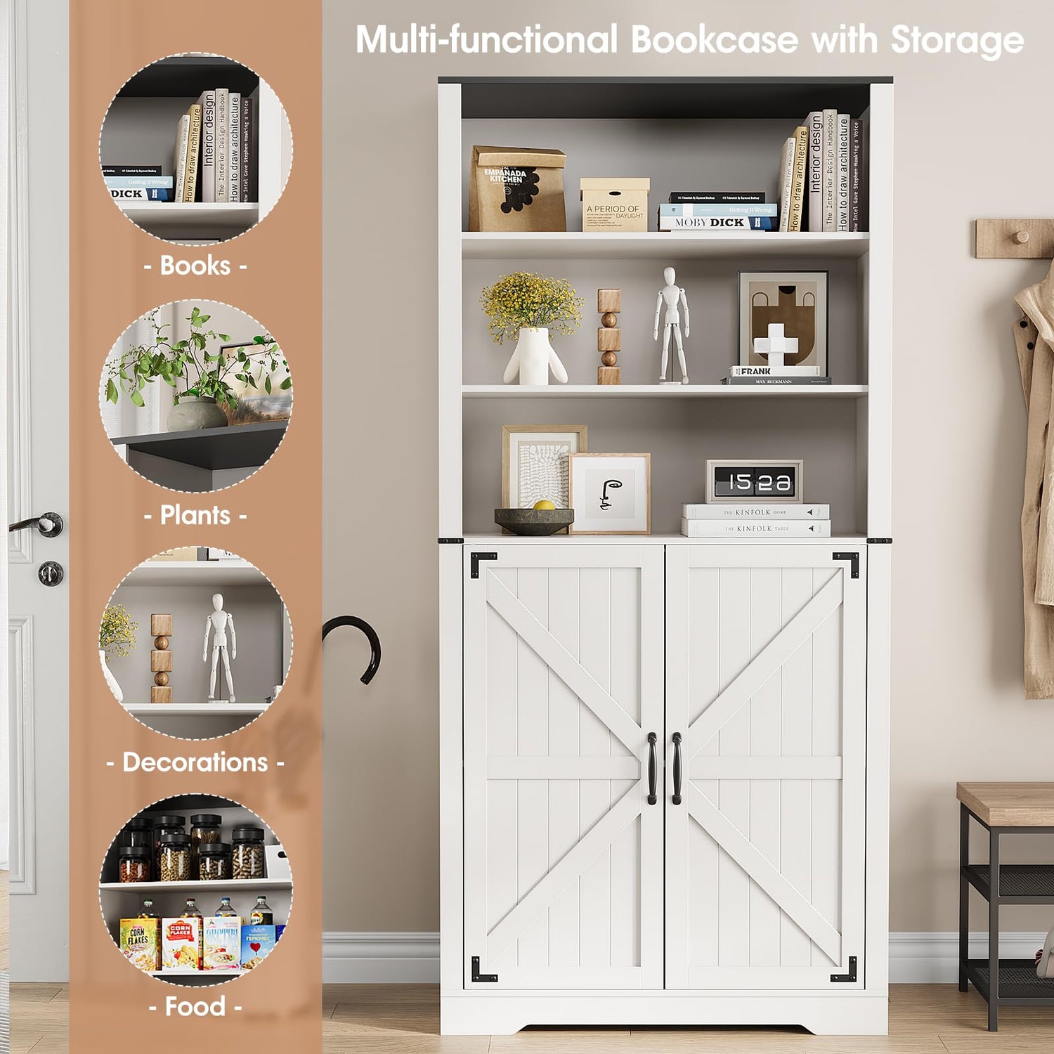 - Classic Bookshelf with Doors: Our bookshelf storage cabinet features a classic white finish, black top, clean lines, and elegent door handles, making it suitable for almost any space in the home. The bookshelf is equipped with storage cabinet to meet storage needs, and 3 open shelves allow you to easily access the books, photo albums, and decorations you want. Not only does it have decorative functions, but it also has good practicality
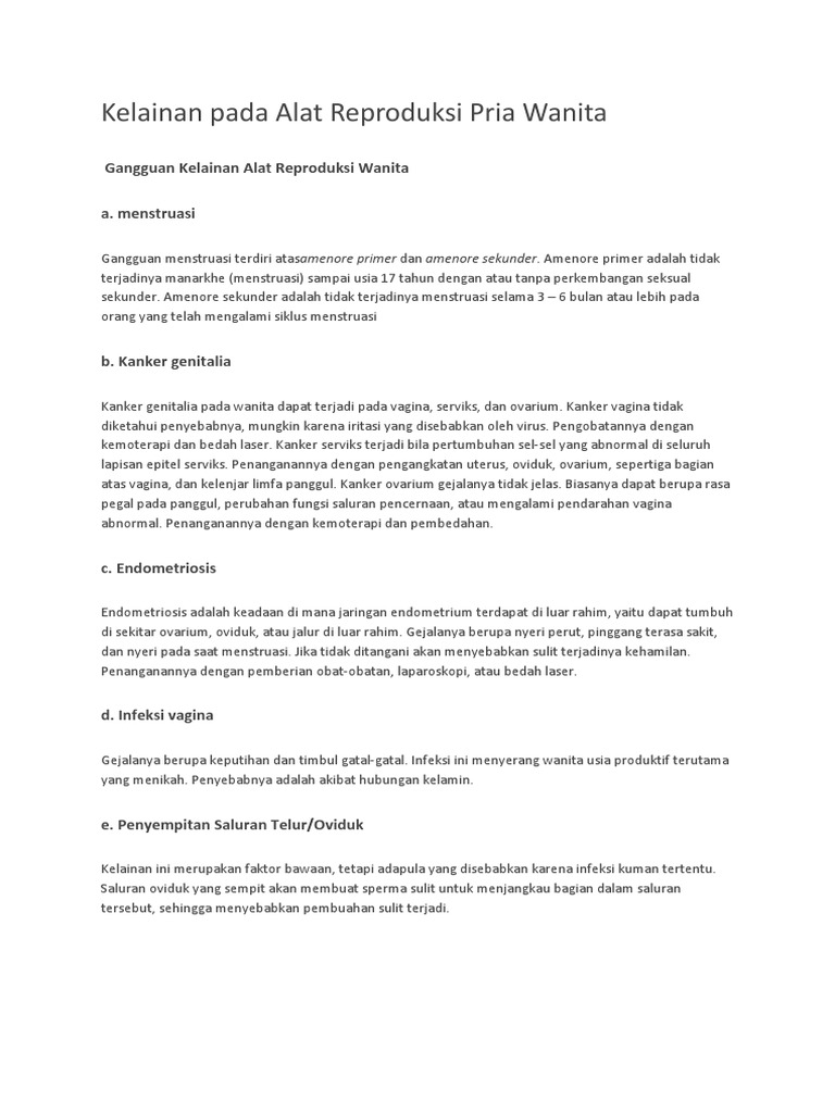 Kelainan Pada Alat Reproduksi Pria Wanita
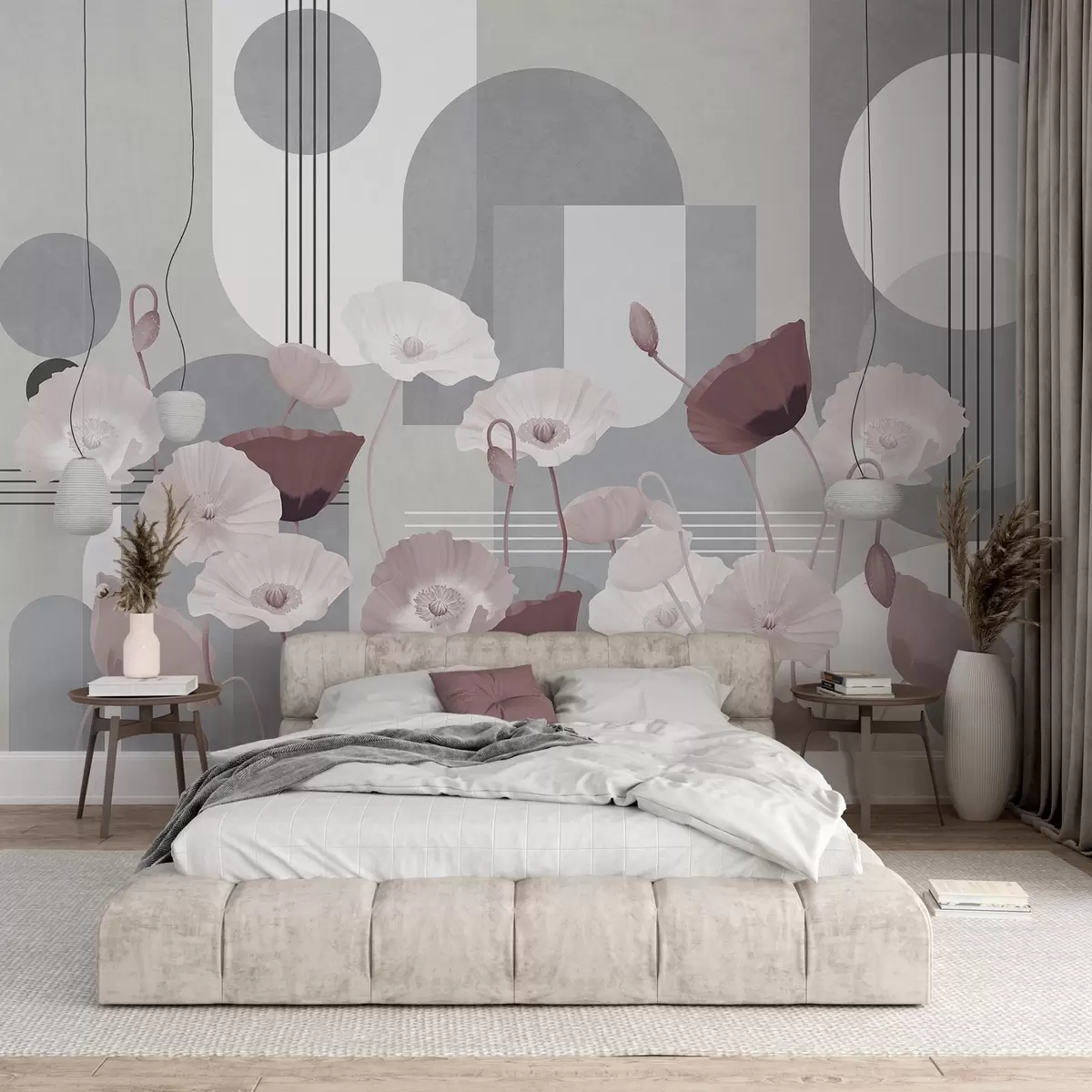 Carta da parati Papaveri nei colori bianco e grigio con forme geometriche sullo sfondo, cerchi e archi, stile minimalista, colori tenui nr. w09289v1
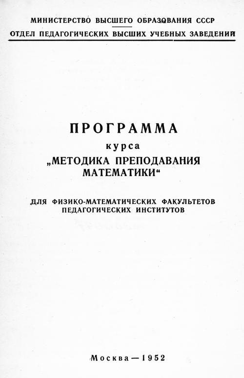 Программа курса «Методика преподавания математики» для педагогических институтов. — 1952
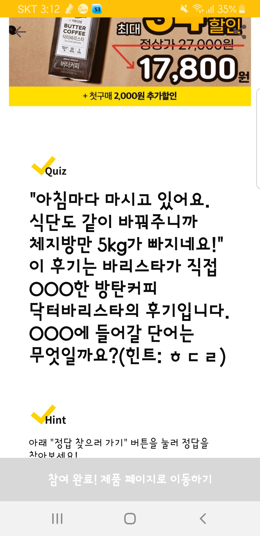 ''아침마다 마시고 있어요. 식단도 같이 바꿔주니까 체지방만 5kg가 빠지네요!'' 이 후기는 바리스타가 직접 OOO한 방탄커피 닥터바리스타의 후기입니다. 000에 들어갈 단어는 무엇일까요?
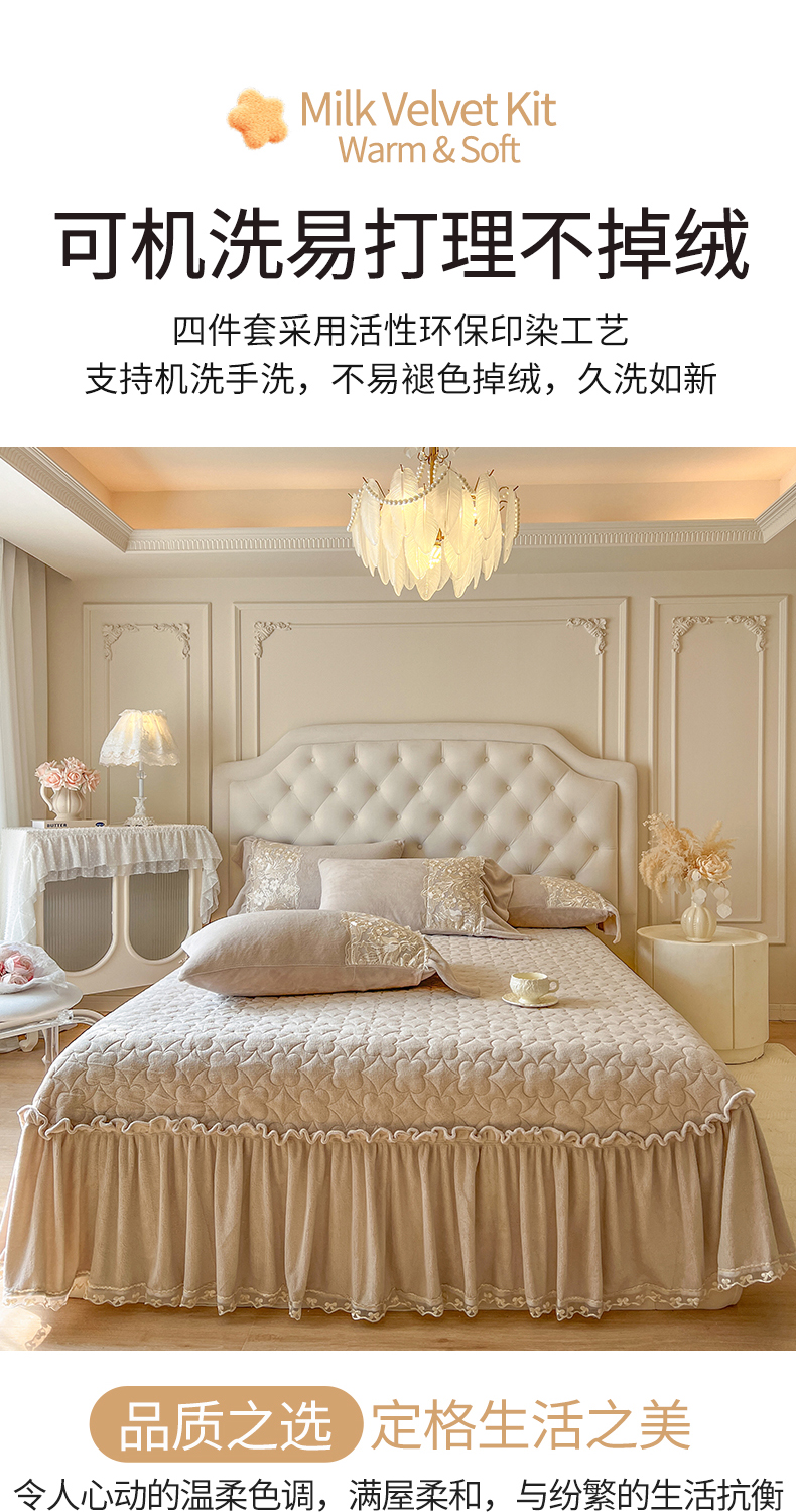 (总)网红馆(ck家纺) 2025新款亲肤舒适牛奶绒蕾丝边床裙四件套-秘密花园,秘密花园-粉色,秘密花园-卡其,秘密花园-米色,秘密花园-紫色
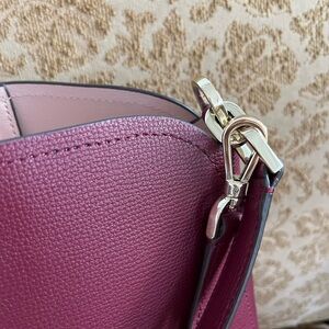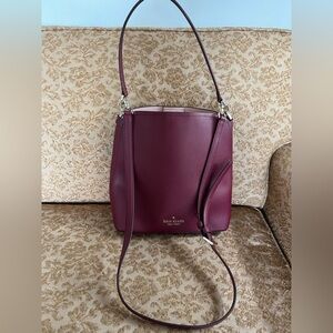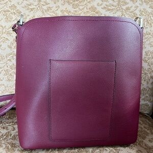 It measures about 10x10x4 and has a crossbody strap as well as a handle.
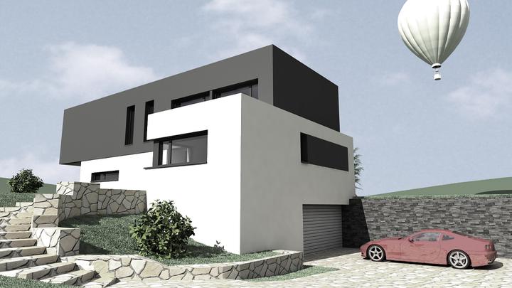 moderný rodinný dom, z exteriéru charakteristický odvážnou konzolou, z interiéru dominantným trojstranne otvoreným krbom s rozmermi krbovej vložky 1000 x 1500mm. Krb je srdcom domu, oddeľuje obývačku od jedálne s kuchyňou. Na prízemí máme okrem inéh…
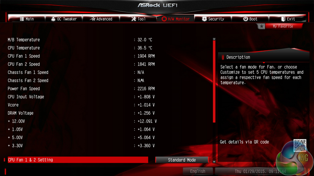 One of the biggest differences between ASRock's other X99 UEFI versions and the one found on its X99M Fatal1ty Killer motherboard is the omission of FAN-Tastic Tuning. The tool's visual fan control function will be missed by users who prefer a graphical method of creating their preferable fan speed profile in the UEFI (the OS version remains in place).
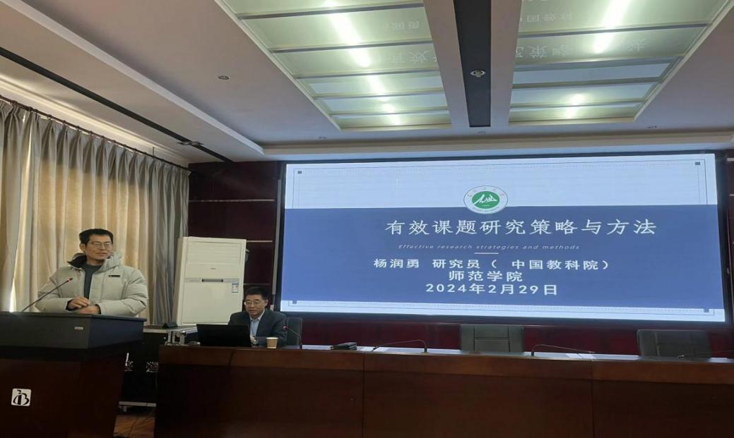 为使学院师生更好掌握课题研究的策略与方法,更加熟练地进行课题研究,产出高质量的研究成果,学院于2月29日下午在师范学院103学术报告厅开展2024年第一场“西部教育高层论坛”学术讲座,学院有幸邀请中国教科院研究所所长、博士后导师、中国成教协会教师发展专委会理事长、中国战略学会教育标准专委会副理事长杨润勇研究员莅临指导。讲座由学院副院长冯用军教授主持,学院全体教师及感兴趣的研究生参加了本次讲座。
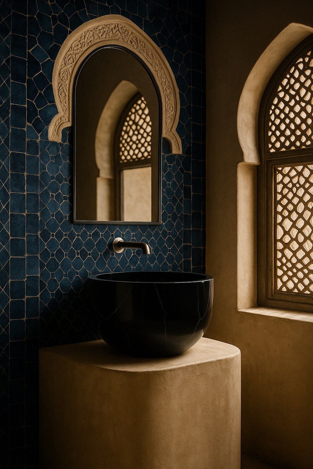 Avec sa texture martelée et son aspect minéral authentique, elle transforme chaque salle de bain en un espace raffiné et chaleureux d’inspiration Riad. Son design allie force, authenticité et sophistication, faisant d’elle un choix idéal pour les amoureux du naturel et du luxe discret. Elle crée un contraste saisissant avec les zelliges modernes ou les murs en tadelakt traditionnels.
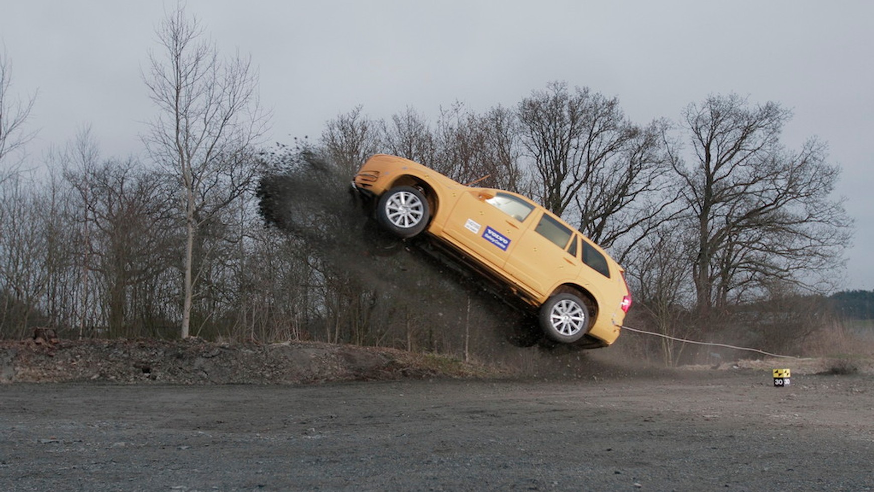 Po odbiciu od krańca rowu Volvo XC90 zostaje mocno wybite do góry
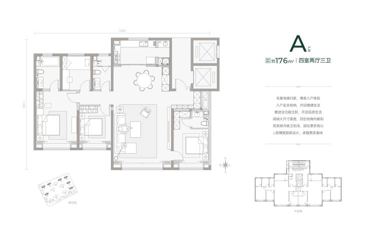 在售户型:建面约176-218㎡奢舒四居
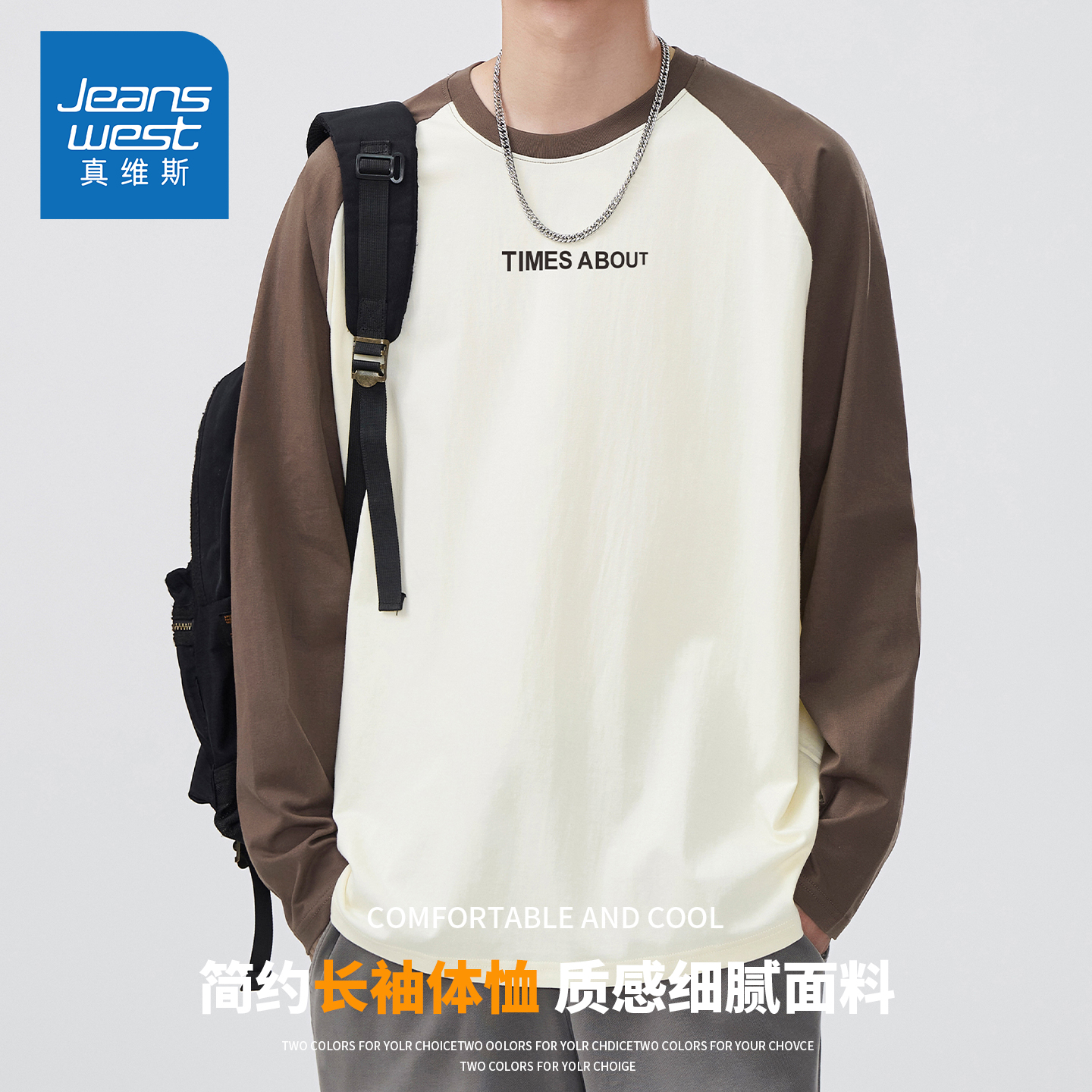 宽松显瘦打底衫 KZH真维斯时尚 新款 T恤男秋季 潮流重磅休闲上衣 长袖
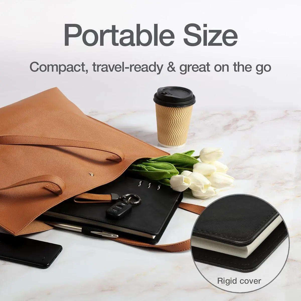 Black faux leather cover sets the tone for job interviews and meetings; an ideal notebook gift for professionals and graduates
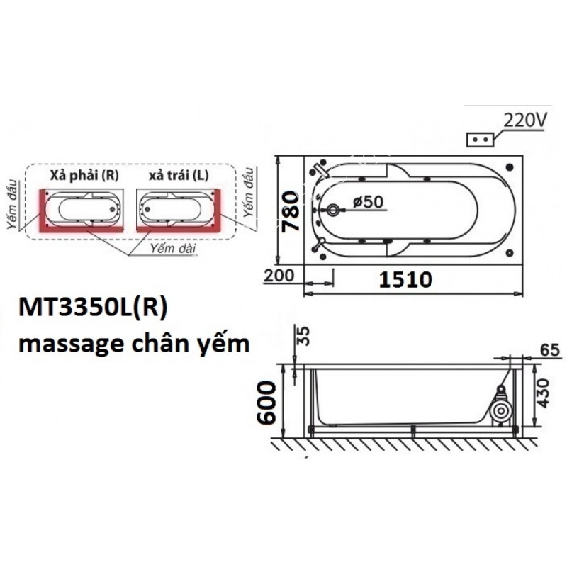 Thông tin cơ bản bồn tắm Caesar MT3350L/R massage chân yếm
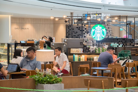 Singapore - Dec 31, 20120: Starbucks coffee shop located inside the Jewal Changi Airport in Singapore. Starbucks is the largest coffeehouse company in the world.

::::

* **What is required**: Could you write out exactly the lines running from the one with "Black faux leather" through the last line of the data above, both ends kept, and omit any picture?

* **Expected output**:
 Black faux leather cover sets the tone for job interviews and meetings; an ideal notebook gift for professionals and graduates
 Thông tin cơ bản bồn tắm Caesar MT3350L/R massage chân yếm
 Singapore - Dec 31, 20120: Starbucks coffee shop located inside the Jewal Changi Airport in Singapore. Starbucks is the largest coffeehouse company in the world.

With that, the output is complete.